Movie Review: “Young@Heart,” Documentary

Stephen Walker’s look at seven weeks in the lives of the Young@Heart Chorus is truly delightful and sad all in one awe-inspiring packing. I hate to use so many cliches in one sentence about a film, but I can’t really do better than to repeat all the typical movie muck and say, “No, really, I mean it.

This group of 70-90 somethings in Northampton,Massachusetts has been signing together under the direction of Bob Cilman for 25 years. What makes them unique, of course, is that they tend to sing songs that are completely unexpected from their particular age group.

They sing punk, classic rock, and contemporary rock all carefully chosen by Cilman to create some truly new interpretations. “I feel Good” or “Stayin’ Alive” or even the Ramone’s “I wanta be Sedated” become completely different songs under this chorus.

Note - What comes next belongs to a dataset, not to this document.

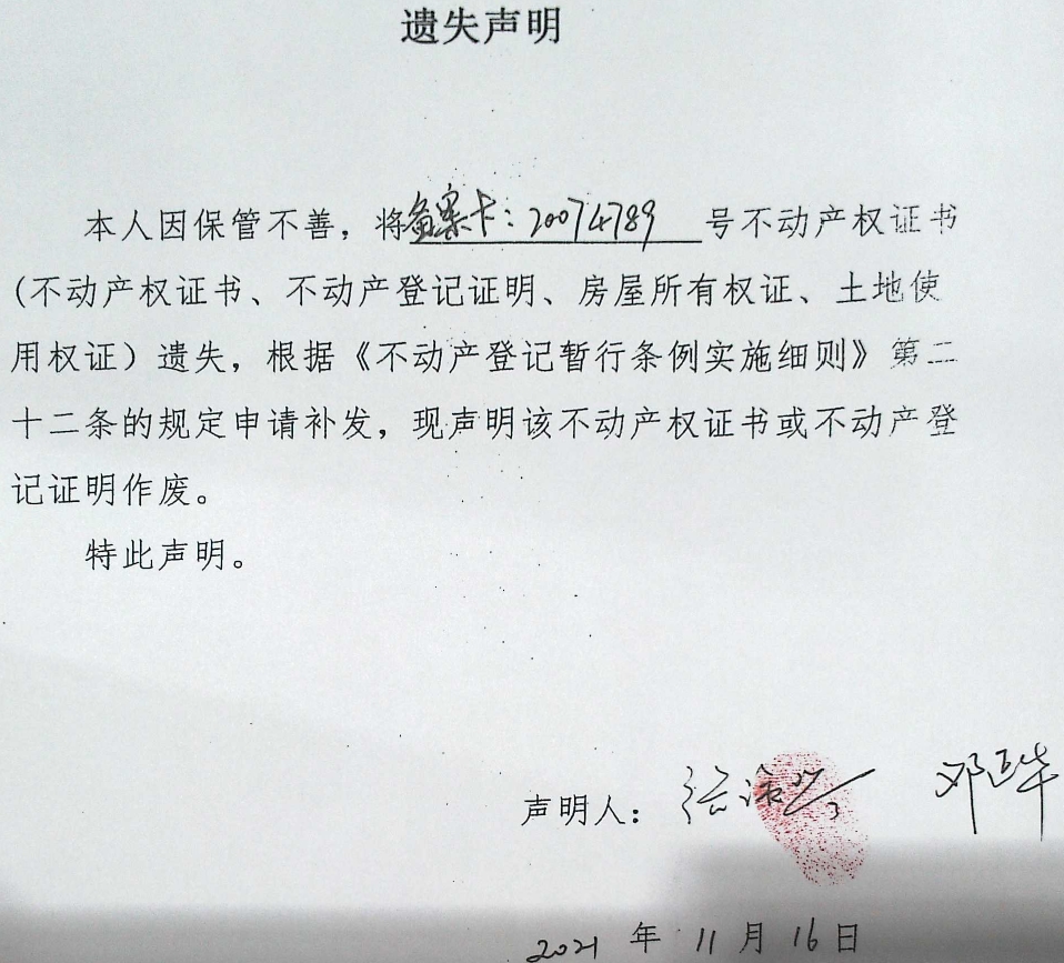 遗失声明(张淑琴、邓正华)

When a 92 year old woman or a 80-something man who must wear an oxygen machine sing The Ramone’s lament about emotional pain it takes on a layer that I’m pretty sure the Ramone’s never considered. The song suddenly turns into a lament about the pain and indignities of old age. When the same man sings the first verse of “Stayin’ Alive” and claims “I’m a ladies man,” it takes again another level of humor and personal tenacity. It’s wonderful.

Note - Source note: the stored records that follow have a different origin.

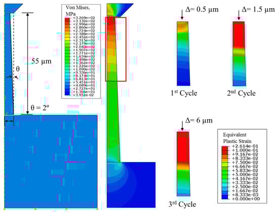 The extracted elastic–plastic properties of the copper were used to evaluate the fracture strength at the Cu/Si interface. More analysis details are shown in Figure 4, where both the von Mises stress and equivalent plastic strains show non-uniform distributions. The non-uniform distribution was an indication of the tapering effect and further demonstrated the needs of conducting finite element analysis (FEA) to extract the plastic properties of Cu. This result also shows that the nonlinear force–displacement response has geometrical effects. Stress and plastic strain contours for FE modeling of micro-pillar compression are shown in Figure 4, where yield stress and the Ramberg–Osgood parameter are taken to be 216 MPa and 3, respectively. The slight gradient shown in the contour plots was due to the tapered cross-section of the specimen.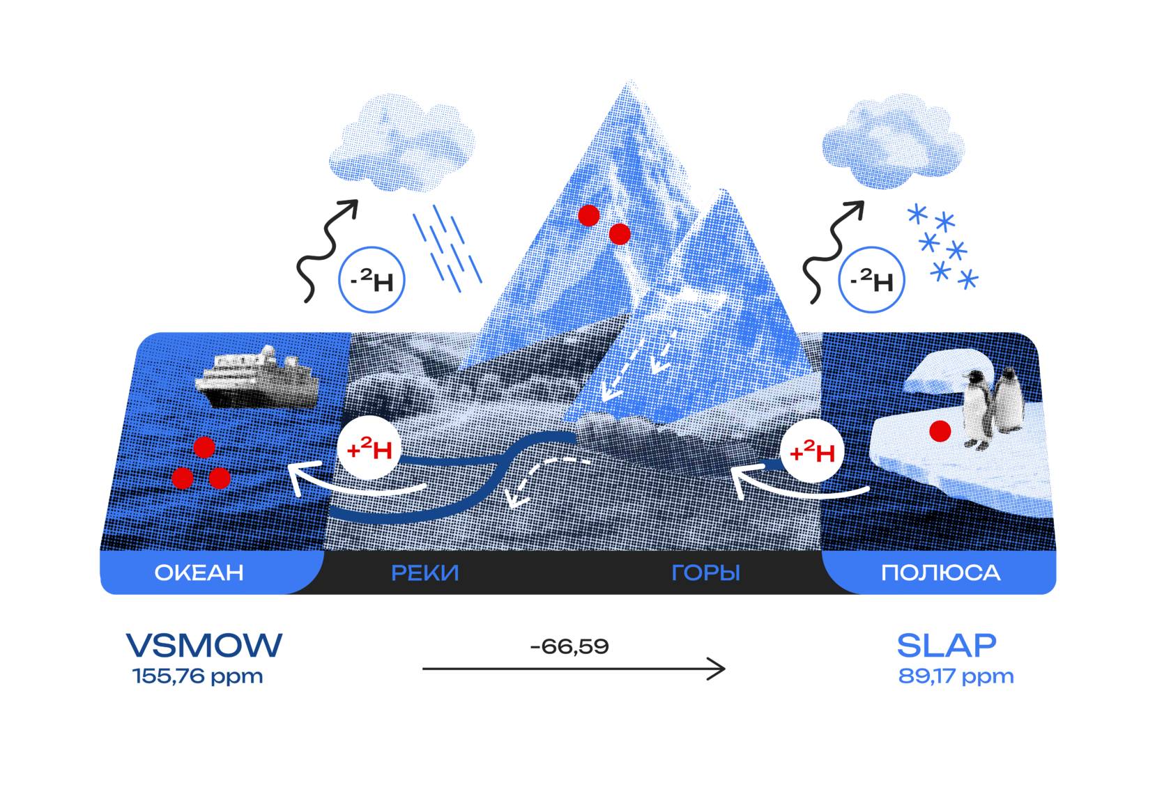 При каждом испарении уровень дейтерия постепенно снижается, поэтому на пути от океана до полюсов вода очищается практически вдвое.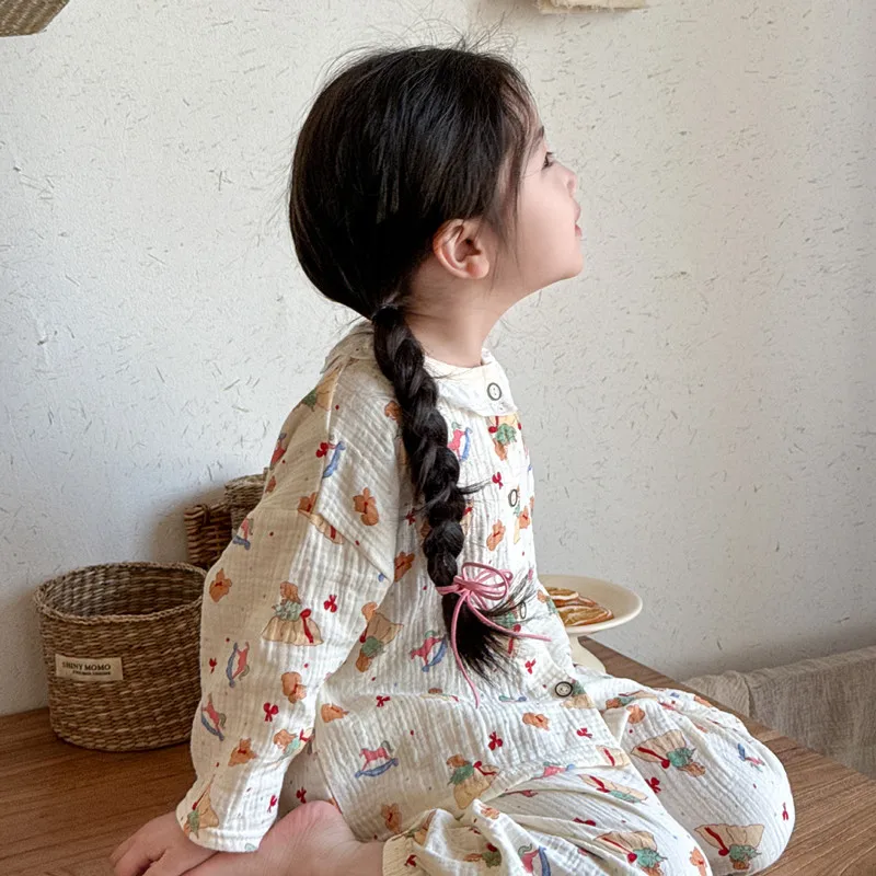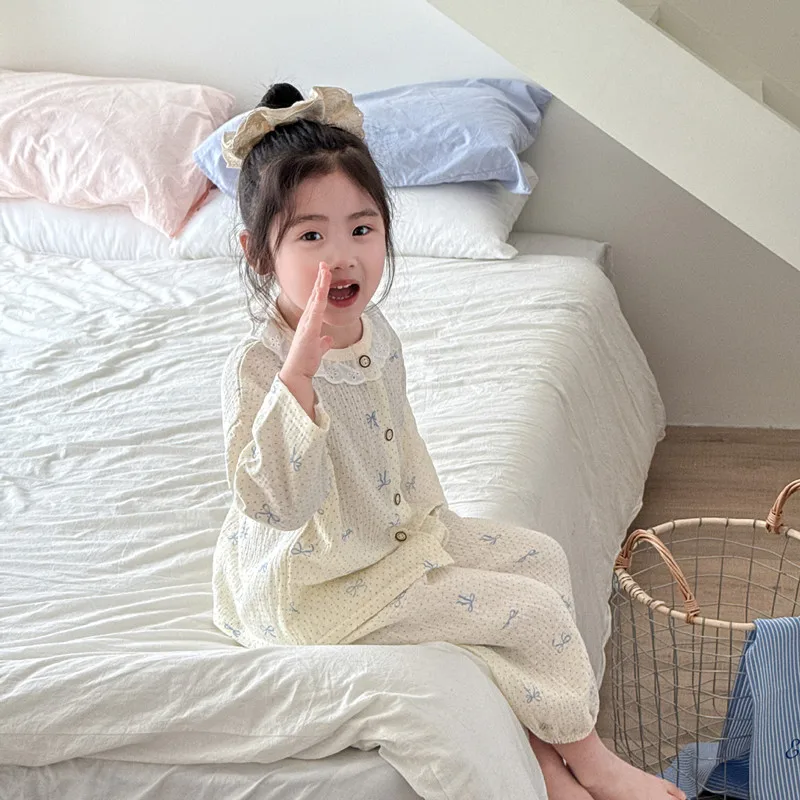 Girls Homewear Set Mom Daughter Family Matching Clothes Suit Lace Princess Pajama Muslin Cotton Outfit Baby Sleepwear Tops+Pants

Walker follows the chorus as they prepare for a new set of songs and a new European tour. He focuses on several specific members of the chorus, two of which die before the end of the film. While I realize that’s a bit of a spoiler, I don’t think the knowledge will ruin the film for the average viewer. There is so much joy and so much sadness in a single Young@heart moment in this film, that I think the deaths will jerk tears out of anyone even if a person knew they were coming.

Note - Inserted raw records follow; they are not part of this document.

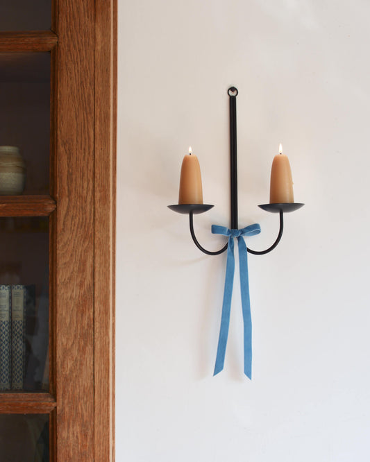 Ceramic candle holders, hand-thrown in Norfolk by Eleanor Torbati. Metal wall sconces, made in Yorkshire. Iron candlesticks, hand-forged in India. Perfectly suited to our hand-dipped beeswax candles.
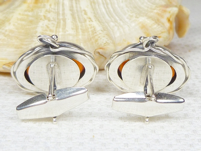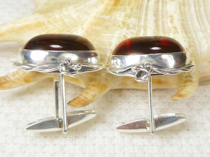 Запонки 814/82 Срібло з бурштином - РУЧНА РОБОТА-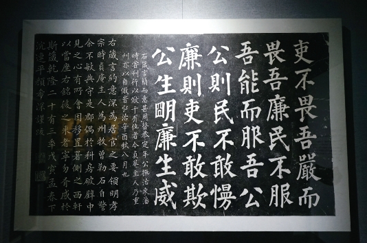 周萍:三秦大地,名碑荟萃。西安碑林博物馆的馆藏文物有13000多件,其中体现廉洁思想的碑刻更是不胜枚举。其中,刻于清道光四年的官箴碑最具代表性。这方石碑高83厘米,宽209厘米,集三十六字《官箴》、明泰安知州顾景祥跋语、清代的颜希深祖孙三代及长安知县张聪贤的跋语于一碑,可谓一部“公廉”《官箴》的流传史。三十六字《官箴》为“吏不畏吾严,而畏吾廉;民不服吾能,而服吾公。公则民不敢慢,廉则吏不敢欺,公生明,廉生威”。短小精悍而意蕴深远,道出了为官从政在于廉、在于公这个基本准则,对为官者具有极强的教育意义。直至今日,这三十六字《官箴》仍是许多为官者的座右铭,提醒着为官者要时刻保持廉洁自律,多为人民群众办实事、办好事。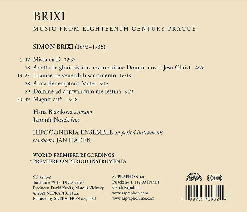 SupraphonBrixi: Music from 18th Century Prague / Hadek, Hipocondria Ensemble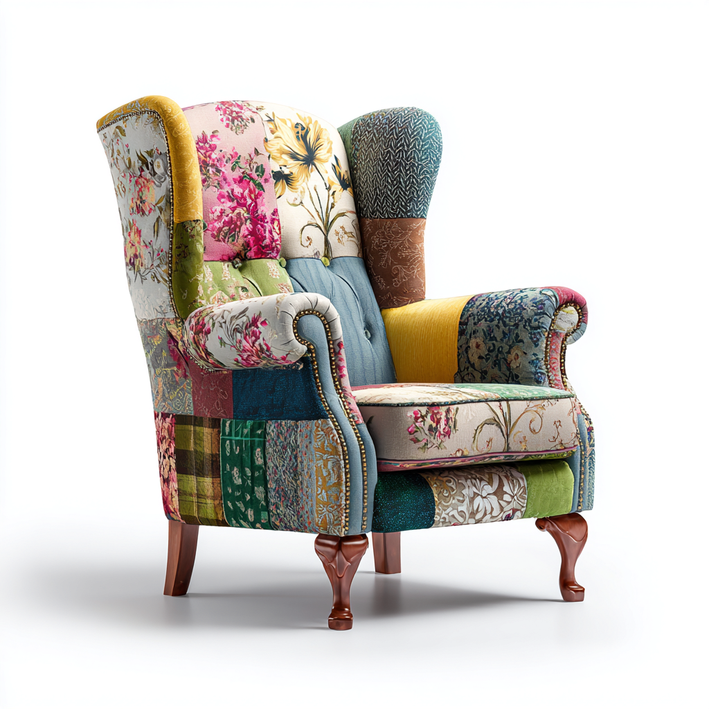 Fauteuil en tissu patchwork 78x85x105 cm - Multicolore - Style classique avec dossier haut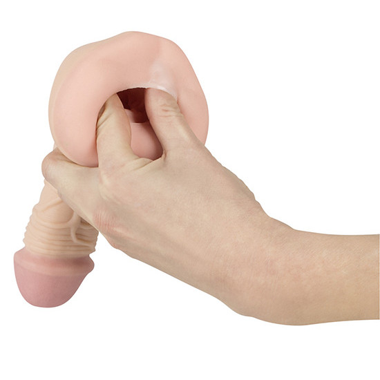 Esta réplica realista de um pénis com glande grande e inchada que funciona como uma luva prática para estimulações alucinantes ou como uma extensão do pénis que o torna mais longo e mais grosso!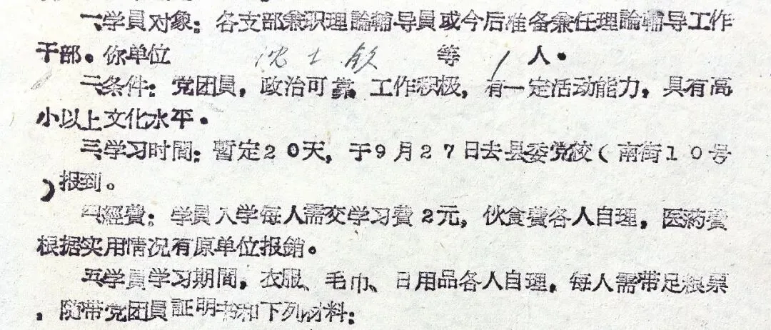 一是学员对象:包括各支部兼职理论辅导员,或今后准备兼任理论辅导工作的干部。该通知所填写的参加学习分配名额为1人,是沈士钦同志,他的具体身份信息不详,能被县委宣传部点名参加学习,肯定是理论水平较高、笔杆子过硬之人,大概率或是机关干部,或是学校教师。

This chorus gets everyone excited, from the view of the audiences in the film. The first concert we see is at the local Northampton jail, just an hour after they’ve heard one of the chorus members has died.  During the concert, the prisoners are so moved by the chorus’s performance that they burst into tears during a song the group sings in tribute to their lost friend. When the concert is over, these rather rough looking dudes break huge grins and genuine gushing enthusiasm. One tattooed young man hugs a gray-headed chorus member and declares, “This is the best performance I’ve seen in my entire life.”

During the last concert in the film, there are ten-year old boys in the front row seriously getting down to just about every song. They look like normal ten-year-olds at a WWF match, all aglow in the coolness that is wafting down from the stage.

I spent the vast majority of the film laughing at the pure honesty of the filmmaker and the chorus’s ability not to take themselves too seriously. One example of this rests in the small “music videos” that break up the general narrative. These brief videos are extremely joyful and you can just see the “giggling” behind the eyes of the chorus. This results in a truly fantastic portrait of life and music that is completely original, just like its subject.


1 Response so far »

  1. 1

    Tipper said,

    How interesting-I have never heard of the Young at Heart Chorus. I can see where the songs would both be surprising and have different meanings because of the age of the folks singing them.